Once the tool became public, it had a very warm welcome: nearly 500,000 in the first week, an average response time to user queries of 1.5 seconds, and the resources load at the peak of visits was around 20% of the total. Overall, very good metrics. So, how was this achieved?
Historically, in GIS systems, usually the server was in charge of generating an image that then was served into your computer. However, as computers, mobiles and other devices have become more powerful, it has opened endless possibilities. More powerful devices meant that data can be served directly to the device in your hands, and let it do the graphical work (generating the maps instead of just loading an image. This is the case for example of web-gl and other graphical libraries. In the case of climate information, this approach cannot work: the amount of information is so huge, that the device would have to do too much work… hindering the performance. In addition to that, in the case of the Interactive Atlas, the IPCC has a global reach. And that means that the Interactive Atlas should run on all types of computers: new and old, gaming behemoths and older computers with Pentiums III. This universality principle was a guiding principle during the whole development.

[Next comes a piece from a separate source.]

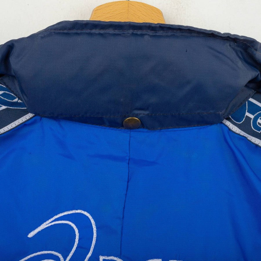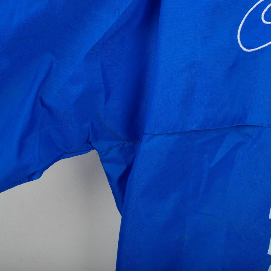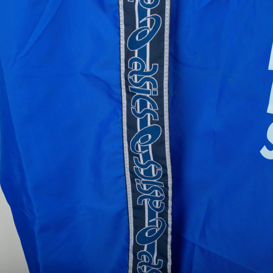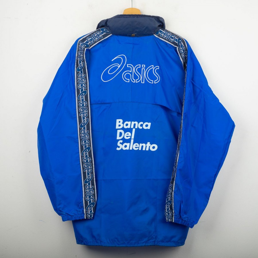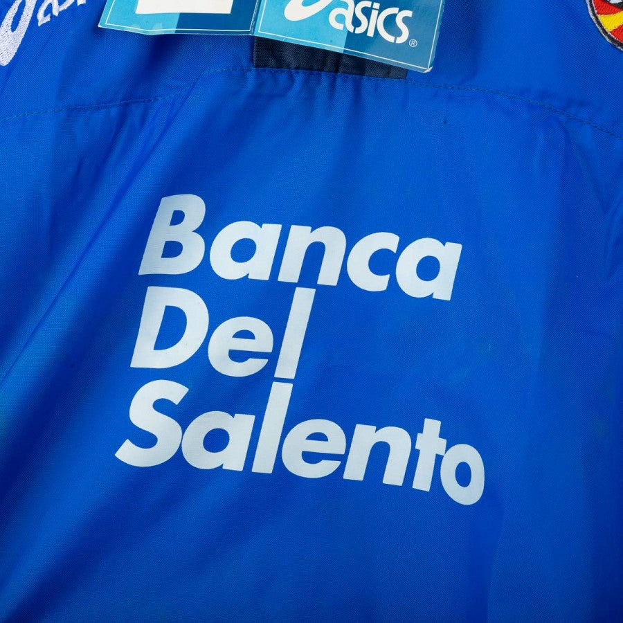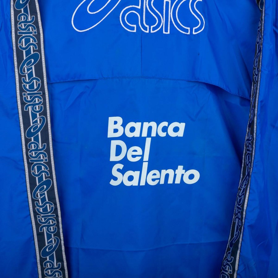 Official U.S. Lecce K-Way from the 1997/1998 season, made by Asics. Blue with white details and Asics logo tape along the sleeves. Embroidered white Asics logo on the right chest and on the back. Stitched Lecce crest on the left chest. “Banca Del Salento” sponsor printed in white on the front and back. High collar with snap buttons and half-zip front. Side pockets and adjustable hem. Original Asics label and tag still attached. Authentic vintage item from the 1997/1998 season.

So, we opted for a mixed approach:
- First the user of the Atlas selects which data to consult: dataset, variable, climate change scenario and so on.
- This generates a petition to the server that goes to the corresponding pre-calculated dataset.
- Then, the server then generates the corresponding image to show on the Atlas
This approach also enabled us to implement interesting features, like the customisable colour legend for the user: the user modifies the values of the legend, which generates a petition to the server with the new parameters, that then returns the corresponding image.
Nonetheless, this process was not as optimal and scalable as what we expected for the tool. Imagine the peak of visits at the release, when we got 13,000 visits in one hour. Every user that entered the tool is a petition to the server, that would need to generate the image and then send it. Sure, pre-calculating the datasets alleviates part of the effort. However, despite the efficiency of ADAGUC in generating images, this process still consumes resources. So, here comes the second part of the strategy: the dynamical cache (for non-technical readers: a cache is a reserved storage location that collects temporary data to help websites, browsers, and apps load faster). In our case, the server cache stores the maps that correspond to the most requested data. Of course, the first one is a given: the landing map we show when you enter the tool. But the rest of them are entirely user-driven. If a newspaper or a social media post linking to a specific view of the Interactive Atlas goes viral, the generated image is cached, and then is automatically served to the request. Thanks to this built-in strategy, the Interactive Atlas cannot die of popularity, by avoiding generating images that are popular over and over again.
Overall these are the technical details supporting the Interactive Atlas, that are behind the swift user experience it provides. Of course, another part for that lies within the actual UX/UI of the Interactive Atlas… but this topic deserves a blog post of its own, as this one has already become too long.